TASK> Beginning with the line that holds "B100ER (86 cm" and finishing with the line that holds "For auction inquiries, please", repeat the listing exactly, leaving every picture out.

EXTRACTED DATA>
-- Opening Marker --
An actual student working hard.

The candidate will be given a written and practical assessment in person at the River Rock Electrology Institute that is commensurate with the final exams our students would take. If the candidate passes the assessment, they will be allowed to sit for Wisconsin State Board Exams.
-- Closing Marker --
-- Opening Marker --
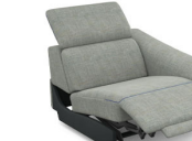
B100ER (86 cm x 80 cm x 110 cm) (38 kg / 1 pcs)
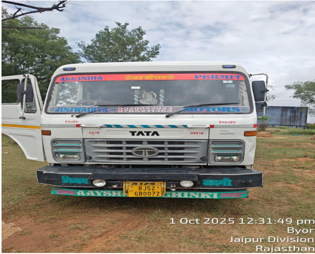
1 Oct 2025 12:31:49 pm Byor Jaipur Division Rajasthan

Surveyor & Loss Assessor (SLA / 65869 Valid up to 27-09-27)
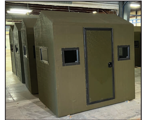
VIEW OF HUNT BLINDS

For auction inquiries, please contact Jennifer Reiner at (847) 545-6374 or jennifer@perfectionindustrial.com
-- Closing Marker --
-- Opening Marker --
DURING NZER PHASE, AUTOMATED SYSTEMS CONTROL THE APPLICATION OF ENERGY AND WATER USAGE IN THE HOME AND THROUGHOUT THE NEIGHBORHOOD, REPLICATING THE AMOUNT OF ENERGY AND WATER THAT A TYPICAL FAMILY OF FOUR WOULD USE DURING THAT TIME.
-- Closing Marker --
ANSWER FOR THIS EXERCISE>
B100ER (86 cm x 80 cm x 110 cm) (38 kg / 1 pcs)
1 Oct 2025 12:31:49 pm Byor Jaipur Division Rajasthan

Surveyor & Loss Assessor (SLA / 65869 Valid up to 27-09-27)
VIEW OF HUNT BLINDS

For auction inquiries, please contact Jennifer Reiner at (847) 545-6374 or jennifer@perfectionindustrial.com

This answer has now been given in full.